Hannah Jennings presented a poster at ELRIG Drug Discovery in London earlier this year. Her work looked at reducing plastic waste in the laboratory by using assay-ready cells for ion channel work. This was very successful, contributing to a reduction in our average laboratory turnaround time to 3.9 days. Although this is an average and varies depending on ion channel tested, we are very pleased that sustainability can have such a positive impact on the service we provide our clients.
Bethan Kelly, our industry placement student, is carrying out a project to reduce the use of fetal bovine serum (FBS) in cell culture. This would make our ion channel laboratory completely animal-product-free.
Both projects have helped the laboratory reduce consumables, which in part has helped offset some of the higher costs that are currently being felt everywhere.
Here they describe the work of both projects.
Making Sustainability an Integral Part of Everyday Lab Work
As an environmentally conscious company, we are always looking for ways to make sustainability an integral part of everyday lab work and to reduce plastic waste where we can. Each year the consumables and equipment required for day-to-day cell culture generate excessive plastic waste, which cannot be reused or recycled. Work in ion channel screening means that our lab relies heavily on single-use plastics in day-to-day operations.

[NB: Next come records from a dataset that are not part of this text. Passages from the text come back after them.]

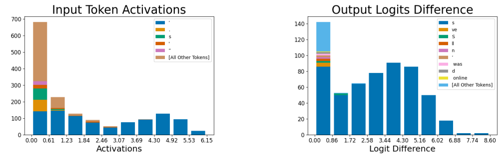 - 완전한 복원 불가능: 희소 자동 인코더를 사용하여 학습된 피처들로 신경망의 모든 정보를 복원하지는 못했습니다. 재구성 손실이 남아 있으며, 이로 인해 복원된 활성화가 원래의 활성화를 완벽하게 대체하지 못했습니다.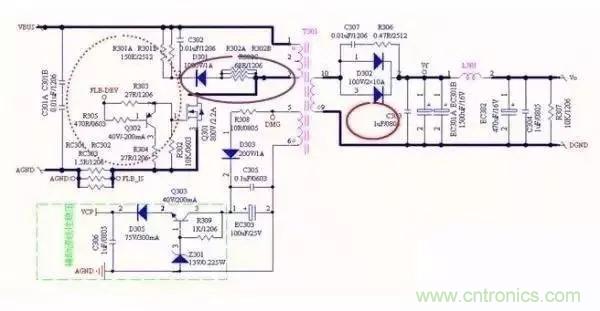 左邊綠色方框部分是驅(qū)動(dòng)電路,和之前LLC拓?fù)潋?qū)動(dòng)一樣,離MOS就近放置,原理圖上就體現(xiàn)出來。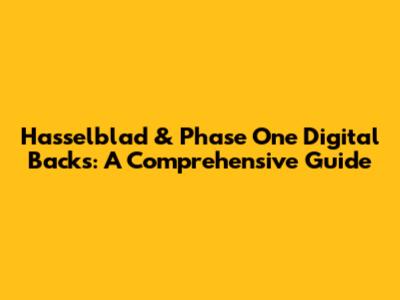 Hasselblad & Phase One Digital Backs: A Comprehensive Guide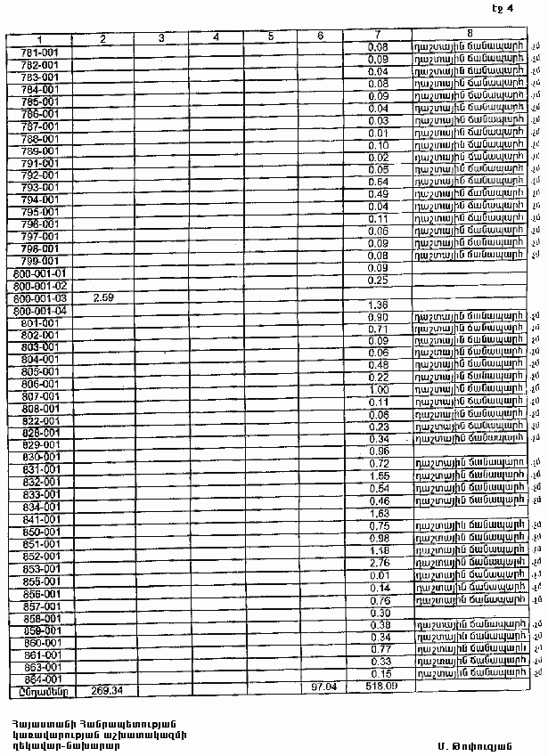 4. Ընդունել ի գիտություն Հայաստանի Հանրապետության Սյունիքի մարզի Սյունիքի գյուղական համայնքի հողային ֆոնդի առկայության և բաշխման մասին հաշվետվությունը` 2005 թվականի հունվարի 1-ի դրությամբ` համաձայն NN 8 և 9 հավելվածների:

It was estimated that up until 2022, each month our cell culture department would generate an average of 80kg of consumables and plastic waste, most of which cannot be recycled due to contamination.
Assay Ready Cells
The use of assay-ready cells in place of continued cell culture has been known to save time and reduce the amount of plastic waste generated, compared with traditional cell culture methods. These are cells frozen at high viability, making them fit for drug safety screening, and can be used in patch-clamp assays directly after thawing without culture or passage.
Over the last 6 months, we have conducted a study where we generated assay-ready cell lines expressing NaV1.5, Ito, hERG and Kir2.1 and tested their performance on automated patch-clamp platforms. These cells were frozen and stored at high density and thawed immediately before assay, eliminating the need for prolonged culture. The assay-ready cells have shown excellent viability and functional activity comparable to cultured cells as determined by the similarity of concentration-response curves.
Reducing Turnaround Time
Additionally, this method has allowed us to streamline laboratory processes by saving time spent in cell culture, thus improving laboratory efficiency. In 2022, around 80% of hERG studies were reported in one week or less. Our average turnaround time was 3.9 business days from compound receipt to reporting. These steps have also minimised the amount of plastic and consumable waste generated from cell culture by ~50% over the last 6 months.
Following the success of this initial study we are pleased to say that expanded testing is ongoing to confirm reproducibility of highly functional assay ready cell lines, and to implement these methods across all cell lines, especially those for our CiPA panel, in use at ApconiX.
Reducing the Use of Fetal Bovine Serum
The success of the study has since inspired work on reducing the use of fetal bovine serum (FBS) in cell culture. FBS is a widely used component of cell culture media as it contains high amounts of nutrients and growth factors to support cell growth and proliferation. However, FBS raises ethical concerns. The lab is interested in making the change to serum-free media; this change will also address batch-to-batch variation providing the consistency needed for optimum patch clamping.
Since FBS is complex and undefined, a few weeks will be spent adapting the hERG cell line to serum-free media conditions and determining what supplements are required to maintain cell viability and protein expression. If successful, the same efforts will be applied to other cells lines used by ApconiX with the expectation that a serum-free and chemically defined media alternative can be developed. This will make the lab animal-product free, another step in the right direction towards sustainability.